Task material
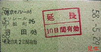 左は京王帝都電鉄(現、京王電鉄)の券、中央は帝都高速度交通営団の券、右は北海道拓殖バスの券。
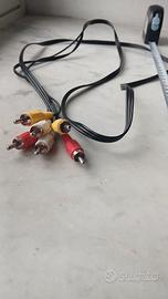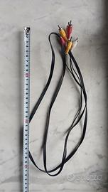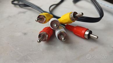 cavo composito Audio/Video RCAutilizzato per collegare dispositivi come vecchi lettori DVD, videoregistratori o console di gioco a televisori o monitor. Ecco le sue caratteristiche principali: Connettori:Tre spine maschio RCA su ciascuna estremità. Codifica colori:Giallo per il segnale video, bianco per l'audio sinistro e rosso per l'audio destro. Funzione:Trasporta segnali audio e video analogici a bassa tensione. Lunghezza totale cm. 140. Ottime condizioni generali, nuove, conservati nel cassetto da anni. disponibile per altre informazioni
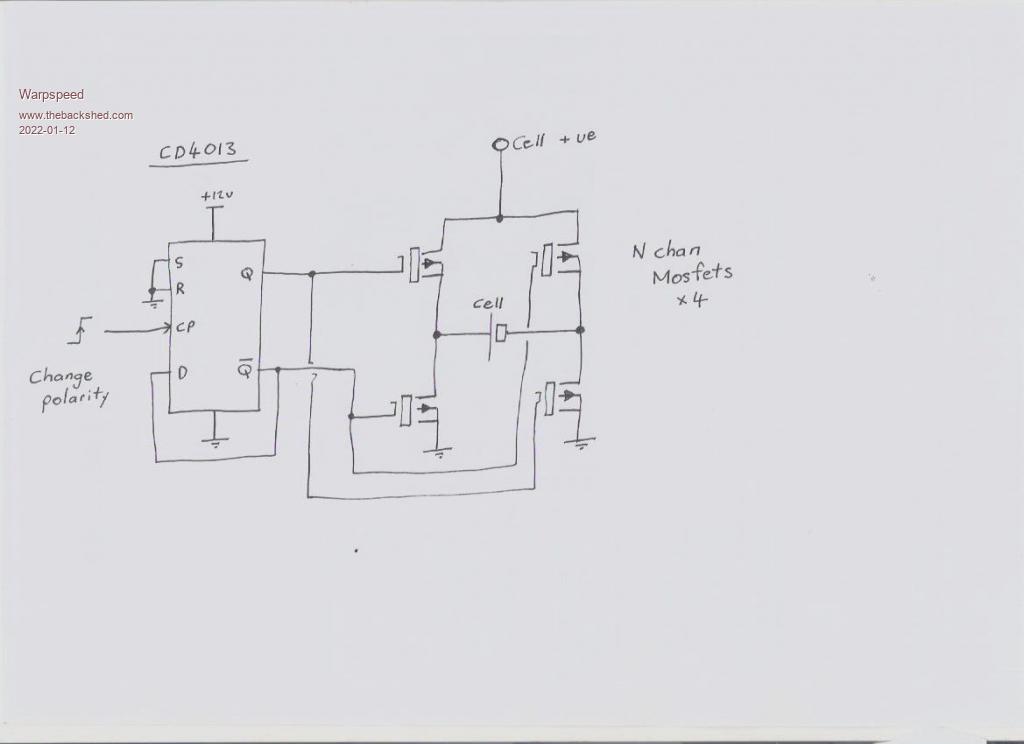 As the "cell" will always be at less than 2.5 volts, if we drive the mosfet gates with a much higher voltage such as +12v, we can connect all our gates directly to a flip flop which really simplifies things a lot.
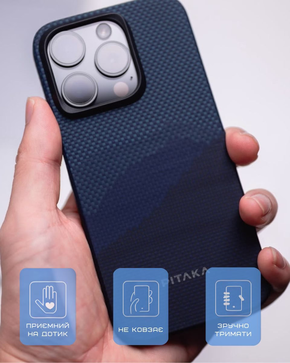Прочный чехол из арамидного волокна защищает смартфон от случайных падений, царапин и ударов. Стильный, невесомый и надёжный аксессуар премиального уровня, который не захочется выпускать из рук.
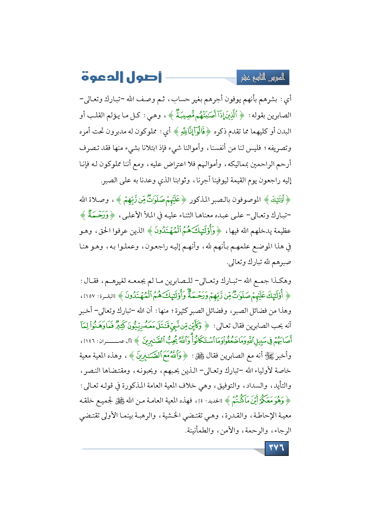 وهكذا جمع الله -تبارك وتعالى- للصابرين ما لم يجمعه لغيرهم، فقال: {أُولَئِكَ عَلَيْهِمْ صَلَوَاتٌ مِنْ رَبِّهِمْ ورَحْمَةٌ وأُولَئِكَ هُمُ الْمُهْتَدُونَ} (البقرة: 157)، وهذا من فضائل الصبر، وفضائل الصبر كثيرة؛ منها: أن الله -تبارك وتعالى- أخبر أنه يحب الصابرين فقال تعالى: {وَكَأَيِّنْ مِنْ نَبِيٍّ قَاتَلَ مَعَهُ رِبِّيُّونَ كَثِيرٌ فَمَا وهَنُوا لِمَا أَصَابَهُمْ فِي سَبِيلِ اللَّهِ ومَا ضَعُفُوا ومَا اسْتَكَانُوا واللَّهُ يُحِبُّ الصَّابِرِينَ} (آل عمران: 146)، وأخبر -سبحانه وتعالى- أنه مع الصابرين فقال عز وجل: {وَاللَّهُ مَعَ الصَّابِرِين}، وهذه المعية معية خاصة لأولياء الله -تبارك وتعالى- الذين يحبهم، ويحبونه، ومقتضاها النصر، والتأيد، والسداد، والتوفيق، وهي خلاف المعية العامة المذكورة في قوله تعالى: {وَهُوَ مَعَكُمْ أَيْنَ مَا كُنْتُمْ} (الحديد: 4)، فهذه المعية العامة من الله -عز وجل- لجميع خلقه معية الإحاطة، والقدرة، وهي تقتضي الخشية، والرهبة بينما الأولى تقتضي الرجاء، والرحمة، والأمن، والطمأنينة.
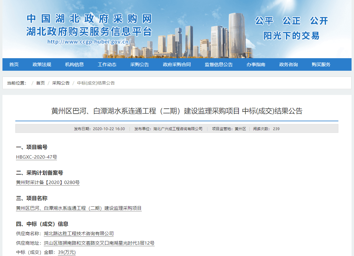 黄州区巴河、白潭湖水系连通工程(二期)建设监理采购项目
==
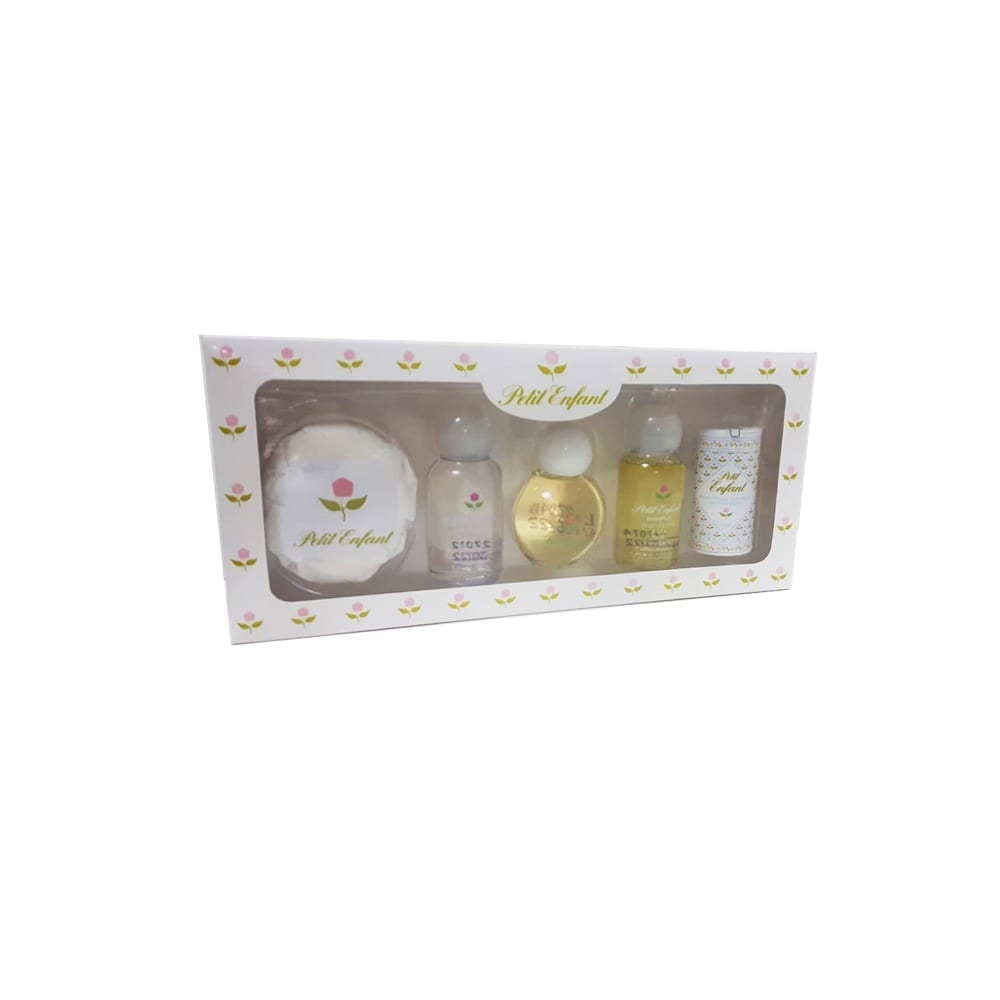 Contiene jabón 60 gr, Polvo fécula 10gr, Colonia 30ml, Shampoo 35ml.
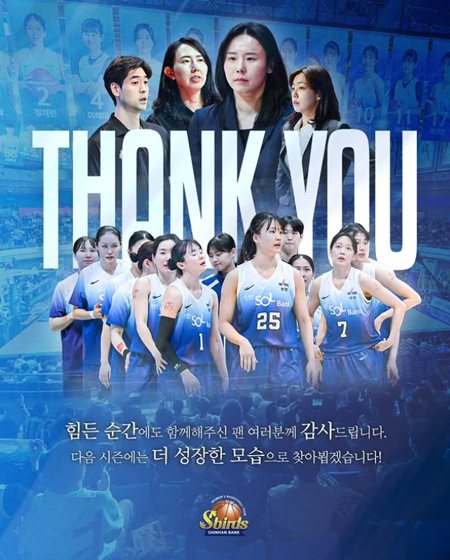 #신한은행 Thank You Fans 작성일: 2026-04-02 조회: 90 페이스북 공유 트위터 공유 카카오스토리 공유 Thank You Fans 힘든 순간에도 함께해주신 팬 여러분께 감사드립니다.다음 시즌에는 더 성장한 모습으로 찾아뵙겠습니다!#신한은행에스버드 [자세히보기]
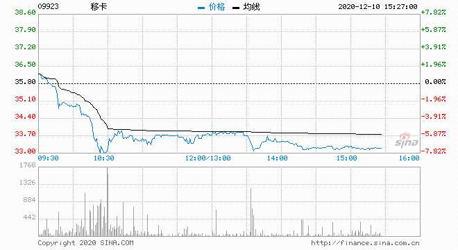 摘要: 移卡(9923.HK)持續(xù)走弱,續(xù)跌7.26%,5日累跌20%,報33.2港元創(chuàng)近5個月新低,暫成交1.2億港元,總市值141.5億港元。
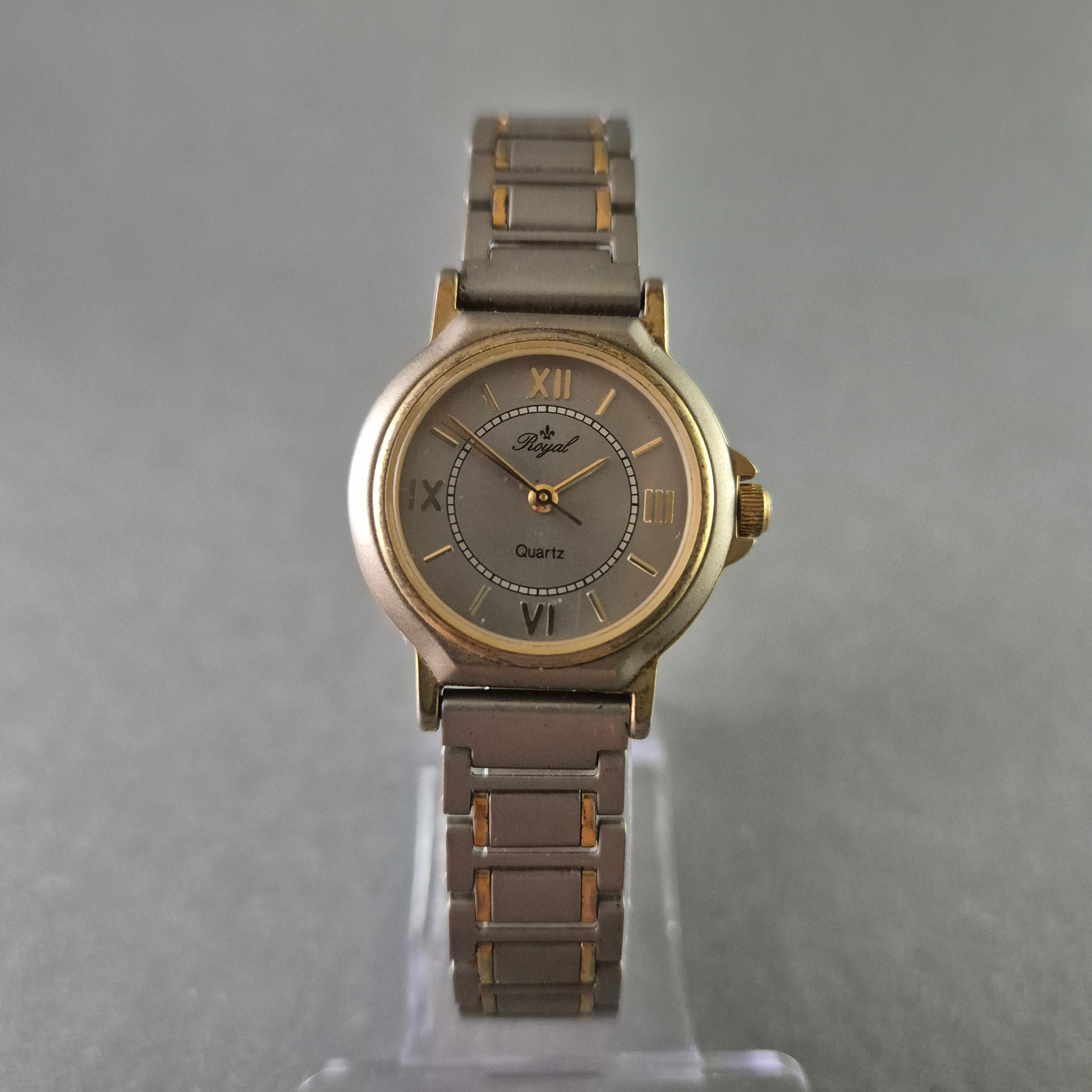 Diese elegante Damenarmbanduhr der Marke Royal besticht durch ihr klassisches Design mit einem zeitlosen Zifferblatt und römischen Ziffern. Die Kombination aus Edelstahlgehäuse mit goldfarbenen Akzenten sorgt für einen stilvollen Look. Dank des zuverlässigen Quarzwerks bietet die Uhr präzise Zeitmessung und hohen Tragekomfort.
==
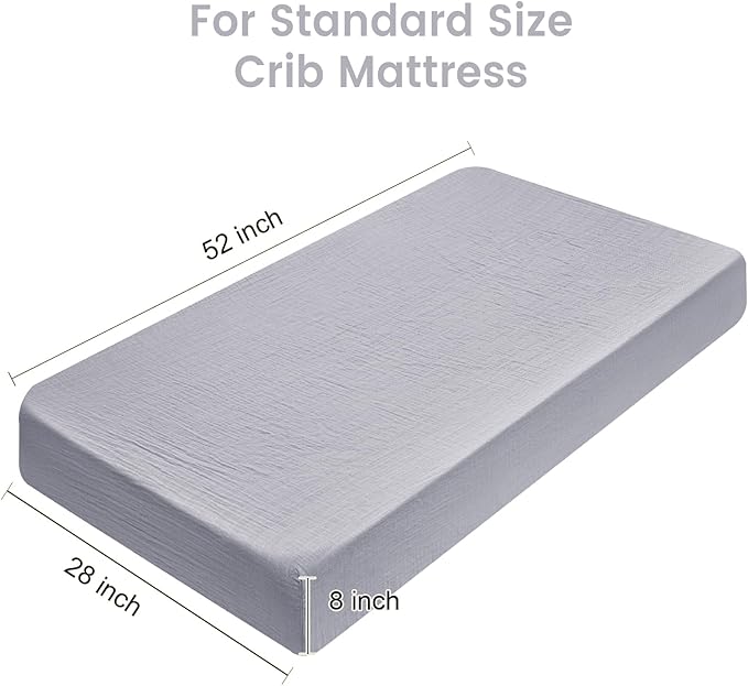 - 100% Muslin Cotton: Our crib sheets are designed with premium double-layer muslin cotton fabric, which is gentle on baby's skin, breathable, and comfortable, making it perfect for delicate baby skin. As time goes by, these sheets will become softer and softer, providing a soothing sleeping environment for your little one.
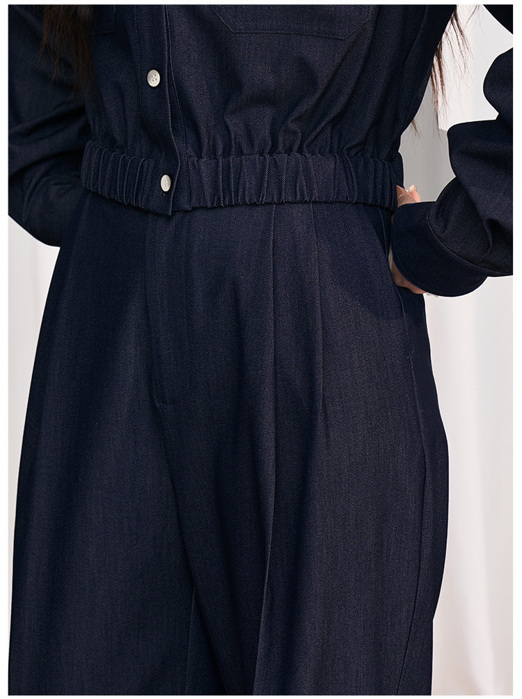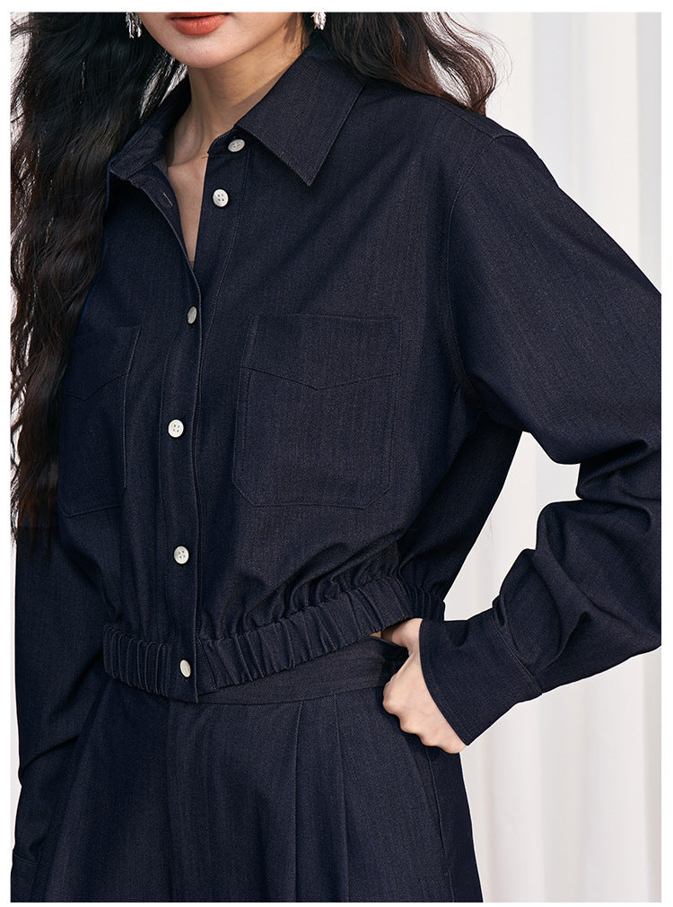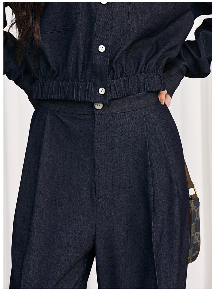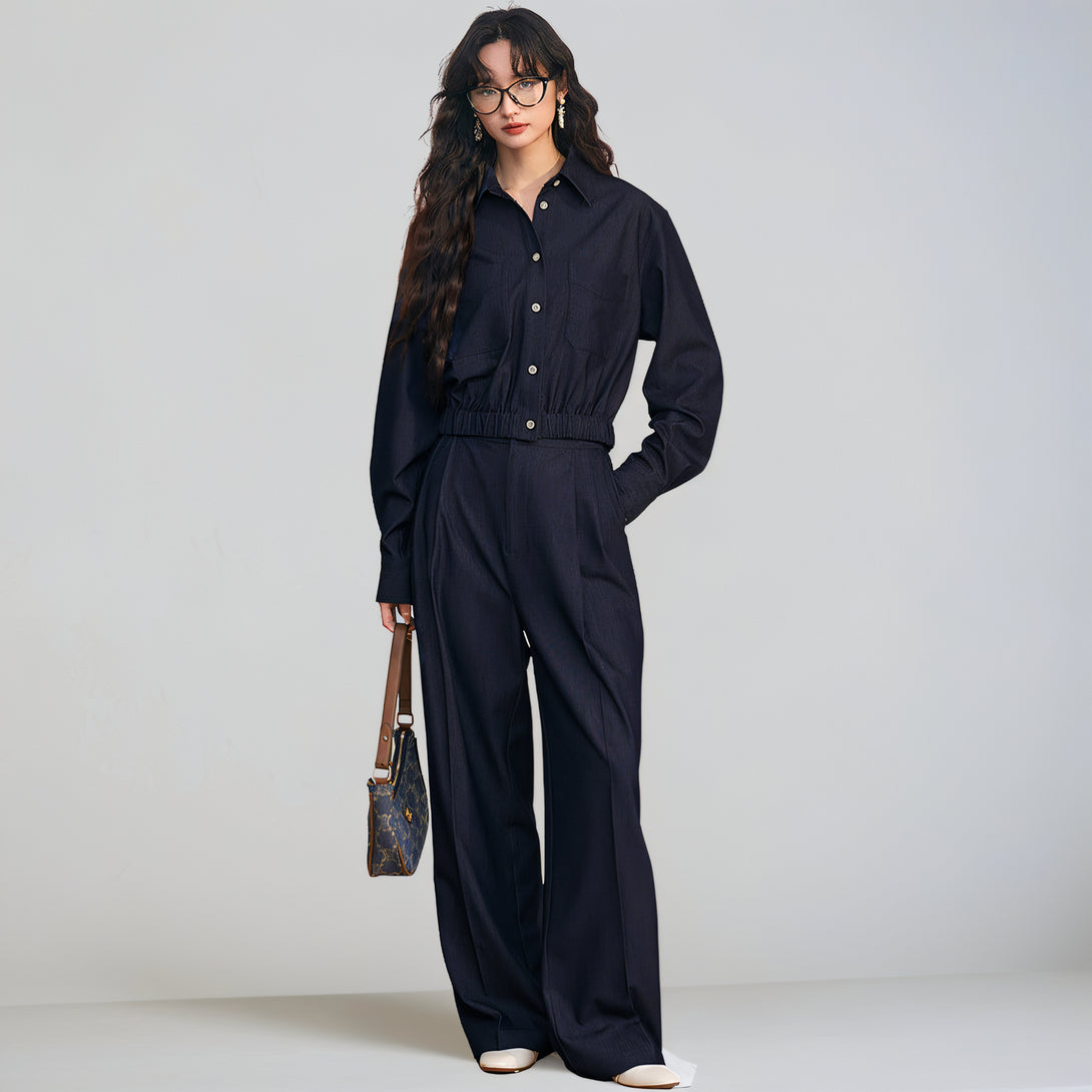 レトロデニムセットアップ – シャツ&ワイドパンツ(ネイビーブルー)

How to complete this task
Within the material above, find the part that opens with the line containing "Contiene jabón 60" and closes with the line containing "Diese elegante Damenarmbanduhr", and reproduce it exactly without the pictures.

Answer area
 Contiene jabón 60 gr, Polvo fécula 10gr, Colonia 30ml, Shampoo 35ml.
 #신한은행 Thank You Fans 작성일: 2026-04-02 조회: 90 페이스북 공유 트위터 공유 카카오스토리 공유 Thank You Fans 힘든 순간에도 함께해주신 팬 여러분께 감사드립니다.다음 시즌에는 더 성장한 모습으로 찾아뵙겠습니다!#신한은행에스버드 [자세히보기]
 摘要: 移卡(9923.HK)持續(xù)走弱,續(xù)跌7.26%,5日累跌20%,報33.2港元創(chuàng)近5個月新低,暫成交1.2億港元,總市值141.5億港元。
 Diese elegante Damenarmbanduhr der Marke Royal besticht durch ihr klassisches Design mit einem zeitlosen Zifferblatt und römischen Ziffern. Die Kombination aus Edelstahlgehäuse mit goldfarbenen Akzenten sorgt für einen stilvollen Look. Dank des zuverlässigen Quarzwerks bietet die Uhr präzise Zeitmessung und hohen Tragekomfort.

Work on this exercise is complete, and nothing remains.